*ASSIGNED TASK*: In your copy, leave out all pictures and reproduce every entry exactly.

Records contained in a dataset
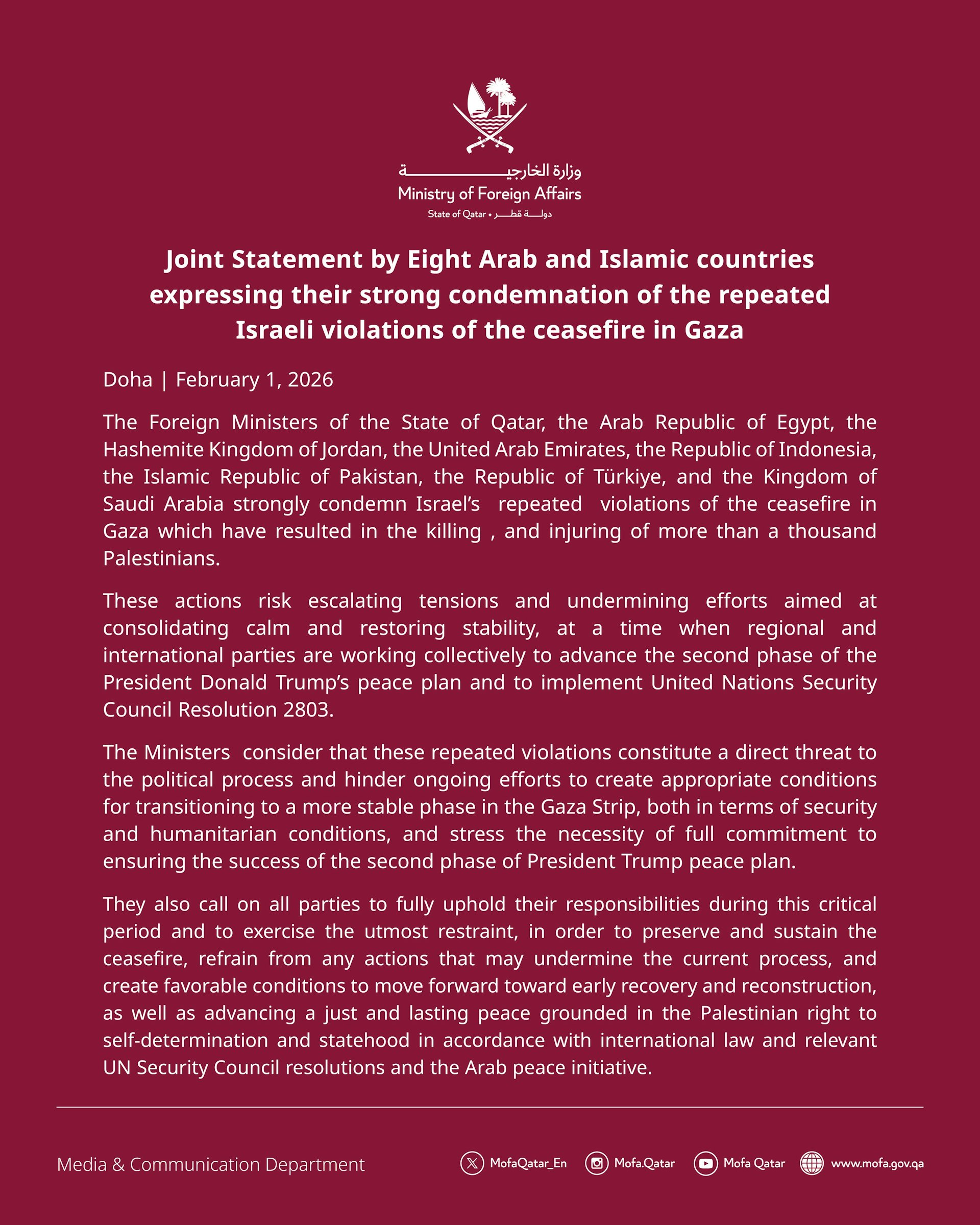 卡塔尔外交部2月1日表示,卡塔尔、埃及、约旦、阿联酋、印尼、巴基斯坦、土耳其和沙特八国外交部长发表联合声明,强烈谴责以色列一再违反加沙停火协议,在近期导致一千多名巴勒斯坦人伤亡。卡塔尔外交部在X发布的八国外长联合声明称,在区域和国际各方正共同努力推进美国总统川普(Donald Trump,又译川普)和平计划第二阶段并执行联合国安理会第2803号决议之际,这些行动有可能加剧紧张局势,破坏旨在巩固平静
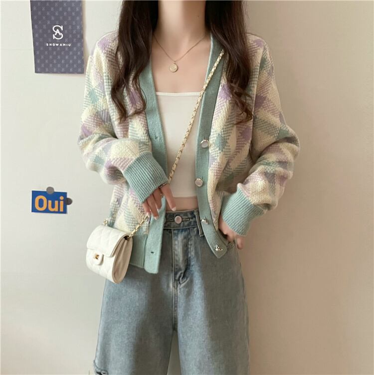 【送料無料】 トップス カーディガン チェック柄 ニットソー コンパクト丈 ショート ショート丈 長袖 Vネック かわいい 大人可愛い シンプル カジュアル 大人 おしゃれ お洒落 かっこいい 大人女子 こなれ感 ラフ ラブリー キュート ガーリー 個性的 主役級 存在感 秋 冬 10代 20代 30代 レディース 女性用 学生 通学 デート お出かけ 女子会 お泊まり 休日 イベント リゾート 旅行 着回し 普段使い 重ね着 お揃い 双子 韓国 韓国系 オルチャン モテ フリーサイズ グリーン ピンク
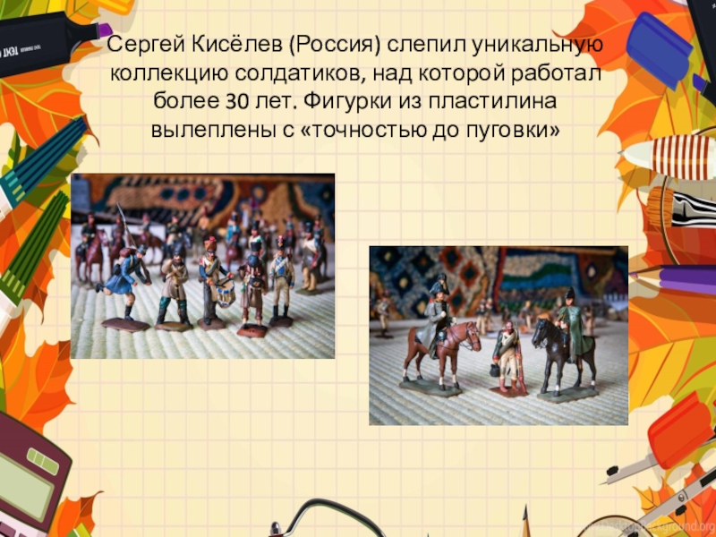 Слайд 9Сергей Кисёлев (Россия) слепил уникальную коллекцию солдатиков, над которой работал более
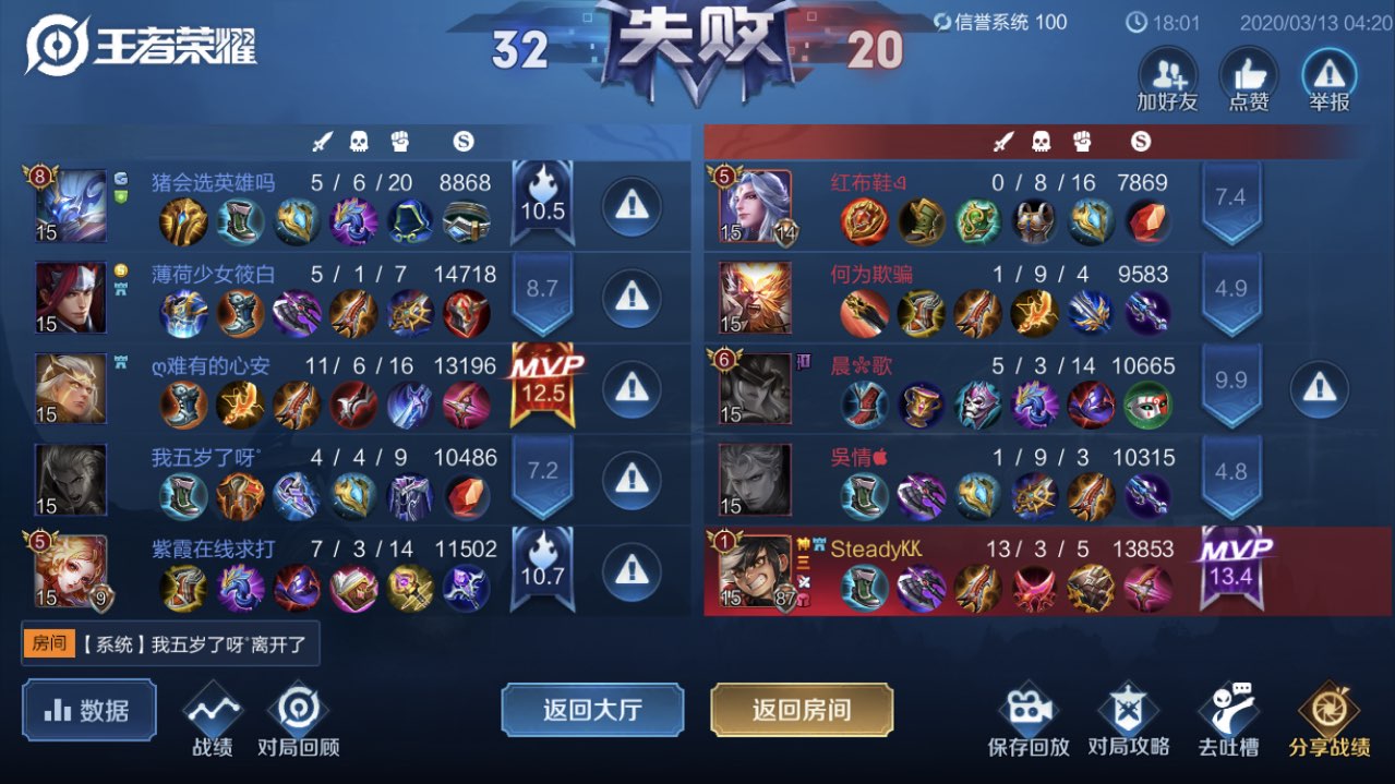 亲测,凌晨还是少打为妙。就这样从王者20星掉到了10星,有人带带我吗?可甜可盐[疑问]
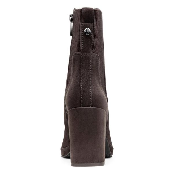 ROSEMARY rises high on a sleek covered block heel and platform. Featuring a genuine suede upper with stretch panels for added flexibility, this bold bootie is a modern classic. A memory foam insole and rubber outsole provide comfort and traction, while an inner zip closure makes the shoe easy to pull on and off.
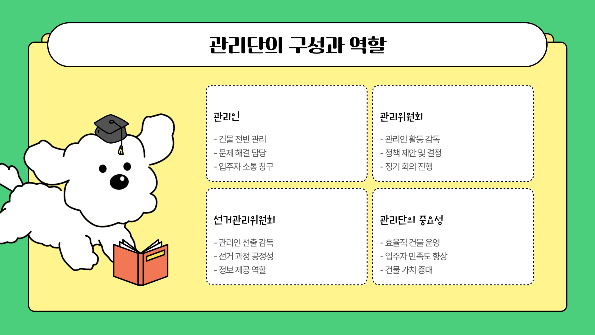 관리단은 건물의 원활한 운영을 보장하기 위해 꼭 필요한 조직이에요. 주로 관리인, 관리위원회, 그리고 선거관리위원회(선관위)로 구성되며, 각 구성원은 서로 다른 역할을 맡고 있습니다.
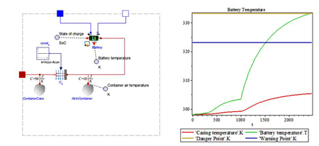 Les modèles de batteries obtenus peuvent également servir à prédire les taux de charge/décharge, l’état de charge (EDC), l’énergie thermique produite et l’état de santé (EDS) par le biais d’un grand nombre de cycles de charge dans des modèles de systèmes complexes multi-domaines. Cette approche fournit les performances nécessaires pour les études au niveau système avec une perte minimale de fidélité du modèle. L’utilisateur peut également autoriser les pertes énergétiques dues à la chaleur, rendant ces modèles utiles pour effectuer des études thermiques et déterminer la taille des composants des systèmes de refroidissement afin de gérer la température de la batterie. L’absence de maîtrise rigoureuse de la température est susceptible d’affecter la durée de vie de la batterie ou, dans le pire des cas, d’en provoquer la destruction voire l’explosion sous l’effet d’un emballement thermique : c’est là un problème courant dans de nombreux systèmes alimentés par batterie.
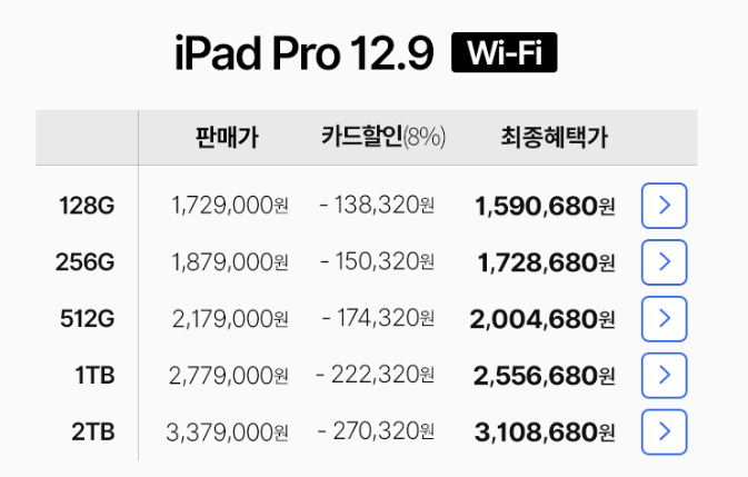 하지만 그만큼 성능이 월등히 좋아진 덕분에 아이패드 프로의 가격은 쿠팡에서 128GB를 기준으로 124만 9천 원에서 출발하고 있을 정도로 상당히 고가에 책정되어 있다. 그나마 아이패드 10세대와 비교했을 때 다행인 점은 프로 모델이기 때문에 최저 기본 용량이 128GB에서 출발한다는 점으로, 최대 2TB 모델까지 이번에 출시되었다.
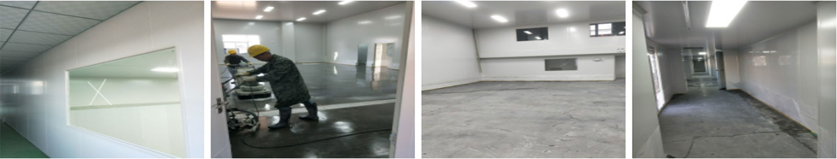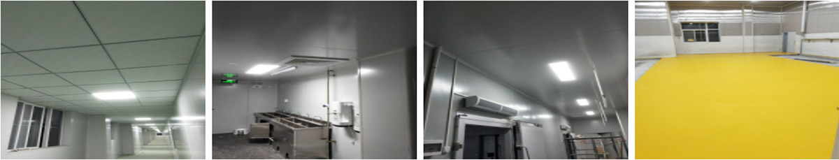 2021-12-4陕西闫府食品有限公司厂房装修现场:1:彩钢墙板完成100% 2:彩钢顶板完成100% 3:撕膜打胶完成98% 4:自制门窗完成95% 5:水电完成100% 6:圆弧完成97% 7:金刚砂完成100% 8:三防板吊顶完成100% 9:地面固化完成100% 10:动力电完成100% 11:空调安装完成100% 12:聚氨酯地面完成100% 13:理化室新增墙板和吊顶完成100% 14:PVC地坪完成100%
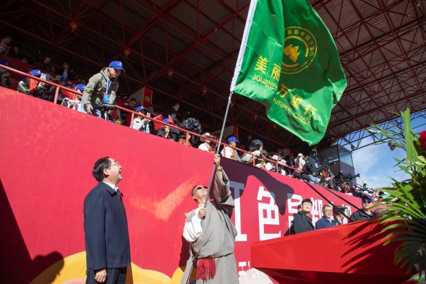 9月15日上午,中國風(fēng)景名勝區(qū)協(xié)會會長、美麗中國萬里行活動組委會主任張永利向昌都市委副書記、市長羅慶伍授予“美麗中國萬里行”旗幟。活動由昌都市委副書記、常務(wù)副市長李樹國主持。
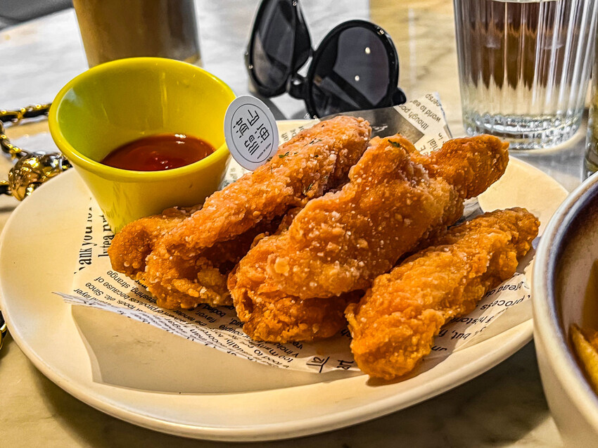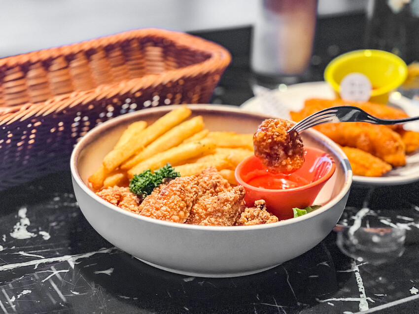 美式雞柳條,美式雞柳條是整條雞柳,外酥內軟還很多汁,且他的外皮是薄脆還有調味的那種,就算不沾醬也很涮嘴

*EXERCISE RESULT*:
 卡塔尔外交部2月1日表示,卡塔尔、埃及、约旦、阿联酋、印尼、巴基斯坦、土耳其和沙特八国外交部长发表联合声明,强烈谴责以色列一再违反加沙停火协议,在近期导致一千多名巴勒斯坦人伤亡。卡塔尔外交部在X发布的八国外长联合声明称,在区域和国际各方正共同努力推进美国总统川普(Donald Trump,又译川普)和平计划第二阶段并执行联合国安理会第2803号决议之际,这些行动有可能加剧紧张局势,破坏旨在巩固平静
 【送料無料】 トップス カーディガン チェック柄 ニットソー コンパクト丈 ショート ショート丈 長袖 Vネック かわいい 大人可愛い シンプル カジュアル 大人 おしゃれ お洒落 かっこいい 大人女子 こなれ感 ラフ ラブリー キュート ガーリー 個性的 主役級 存在感 秋 冬 10代 20代 30代 レディース 女性用 学生 通学 デート お出かけ 女子会 お泊まり 休日 イベント リゾート 旅行 着回し 普段使い 重ね着 お揃い 双子 韓国 韓国系 オルチャン モテ フリーサイズ グリーン ピンク
 Слайд 9Сергей Кисёлев (Россия) слепил уникальную коллекцию солдатиков, над которой работал более
 亲测,凌晨还是少打为妙。就这样从王者20星掉到了10星,有人带带我吗?可甜可盐[疑问]
 ROSEMARY rises high on a sleek covered block heel and platform. Featuring a genuine suede upper with stretch panels for added flexibility, this bold bootie is a modern classic. A memory foam insole and rubber outsole provide comfort and traction, while an inner zip closure makes the shoe easy to pull on and off.
 관리단은 건물의 원활한 운영을 보장하기 위해 꼭 필요한 조직이에요. 주로 관리인, 관리위원회, 그리고 선거관리위원회(선관위)로 구성되며, 각 구성원은 서로 다른 역할을 맡고 있습니다.
 Les modèles de batteries obtenus peuvent également servir à prédire les taux de charge/décharge, l’état de charge (EDC), l’énergie thermique produite et l’état de santé (EDS) par le biais d’un grand nombre de cycles de charge dans des modèles de systèmes complexes multi-domaines. Cette approche fournit les performances nécessaires pour les études au niveau système avec une perte minimale de fidélité du modèle. L’utilisateur peut également autoriser les pertes énergétiques dues à la chaleur, rendant ces modèles utiles pour effectuer des études thermiques et déterminer la taille des composants des systèmes de refroidissement afin de gérer la température de la batterie. L’absence de maîtrise rigoureuse de la température est susceptible d’affecter la durée de vie de la batterie ou, dans le pire des cas, d’en provoquer la destruction voire l’explosion sous l’effet d’un emballement thermique : c’est là un problème courant dans de nombreux systèmes alimentés par batterie.
 하지만 그만큼 성능이 월등히 좋아진 덕분에 아이패드 프로의 가격은 쿠팡에서 128GB를 기준으로 124만 9천 원에서 출발하고 있을 정도로 상당히 고가에 책정되어 있다. 그나마 아이패드 10세대와 비교했을 때 다행인 점은 프로 모델이기 때문에 최저 기본 용량이 128GB에서 출발한다는 점으로, 최대 2TB 모델까지 이번에 출시되었다.
 2021-12-4陕西闫府食品有限公司厂房装修现场:1:彩钢墙板完成100% 2:彩钢顶板完成100% 3:撕膜打胶完成98% 4:自制门窗完成95% 5:水电完成100% 6:圆弧完成97% 7:金刚砂完成100% 8:三防板吊顶完成100% 9:地面固化完成100% 10:动力电完成100% 11:空调安装完成100% 12:聚氨酯地面完成100% 13:理化室新增墙板和吊顶完成100% 14:PVC地坪完成100%
 9月15日上午,中國風(fēng)景名勝區(qū)協(xié)會會長、美麗中國萬里行活動組委會主任張永利向昌都市委副書記、市長羅慶伍授予“美麗中國萬里行”旗幟。活動由昌都市委副書記、常務(wù)副市長李樹國主持。
 美式雞柳條,美式雞柳條是整條雞柳,外酥內軟還很多汁,且他的外皮是薄脆還有調味的那種,就算不沾醬也很涮嘴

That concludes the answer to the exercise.